The Boc protected pyrrole acid (2) (0.25 g, 1.05 mmol) and the methylpyrrole carboxylate (1)(0.20 g, 1.05 mmol, 1 equiv.) were dissolved in dry DMF (5 mL) with stirring. This solution was treated with EDCI (0.403 g, 2.1 mmol, 2 equiv.) and DMAP (0.320 g, 2.6 mmol, 2.5 equiv.) then stirred over night at room temperature. The reaction mixture was 1325 diluted with EtOAc (50 mL) and washed with 10% HCl solution (3×50 mL) and saturated NaHCO₃solution (3×50 mL), dried over MgSO₄and concentrated in vacuo to give an off white foam, 0.368 g (94%). Mpt 78° C. (lit 78-79° C.); ¹H NMR d₆-DMSO δ 9.85 (1H, s, N—H), 9.09 (1H, s, Boc-N—H), 7.46 (1H, s, Py-H), 6.92 (1H, s, Py-H), 6.91 (1H, s, Py-H), 6.85 (1H, s, Py-H), 3.82 (3H, s, N—CH₃), 3.75 (3H, s, N—CH₃), 3.58 (3H, s, O—CH₃), 1.48 (9H, s, Boc-H).

(ii) 4-[(4-tert-Butyloxycarbonylamino-1-methyl-1H-pyrrole-2-carbonyl)-amino]-1-methyl-1H-pyrrole-2-carboxylic acid (4)

A stirred solution of Boc pyrrole dimer (3)(0.805 g, 2.1 mmol) in MeOH (40 mL) was treated with 1M NaOH solution (25 mL). The reaction mixture was stirred at room temperature for 18 hours. The volume was reduced in vacuo and the aqueous solution extracted with EtOAc (50 mL). The solvent was removed from the EtOAc fraction and the residue was treated with 1M NaOH solution (10 mL) for a further 3 hours. This was combined with the previous aqueous fraction and acidified to pH2-3 with 1 M HCl solution and the suspension extracted with EtOAc (3×75 mL).
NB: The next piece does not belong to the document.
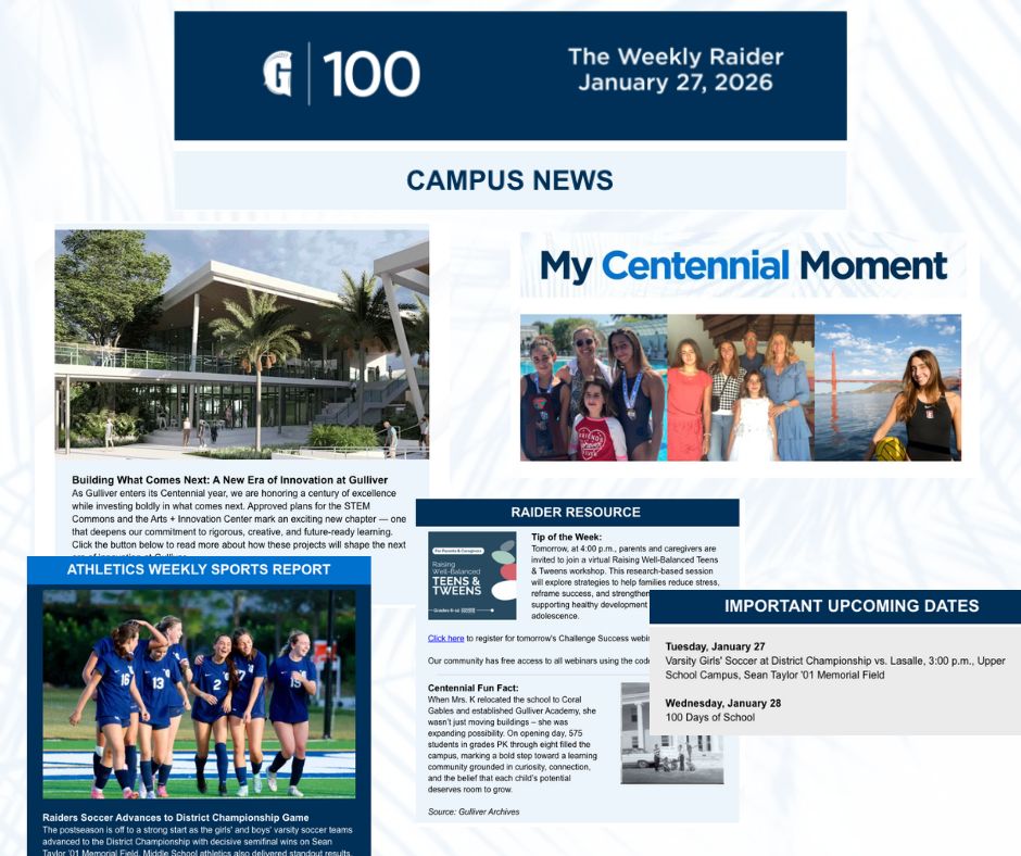Your one-stop shop for all things Gulliver Prep, The Weekly Raider is distributed every Tuesday.

The organic fractions were combined, dried over MgSO₄and concentrated in vacuo to give a yellow foam 0.781 g (100%). ¹H NMR d₆-DMSO δ 12.07 (1H, bs, OH), 9.81 (1H, s, N—H), 9.08 (1H, s, N—H), 7.40 (1H, d, J=1.9 Hz, Py-H), 6.88 (1H, s, Py-H), 6.84 (1H, s, Py-H), 6.83 (1H, s, Py-H), 3.81 (3H, s, N—CH₃), 3.80 (3H, s, N—CH₃), 1.45 (9H, s, Boc-H); ¹³C NMR d₆-DMSO δ 171.9, 161.9, 158.3, 152.8, 122.6, 122.3, 120.2 (CH), 119.4, 117.0 (CH), 108.3 (CH), 103.7 (CH), 78.3, 36.1 (CH₃), 36.1 (CH₃), 28.1 ([CH₃]₃).

(iii) Methyl 4-({4-[(4-tert-butoxycarbonylamino-1-methyl-1H-pyrrole-2-carbonyl)-amino]-1-methyl-1H-pyrrole-2-carbonyl}-amino)-1-methyl-1H-pyrrole-2-carboxylate (5)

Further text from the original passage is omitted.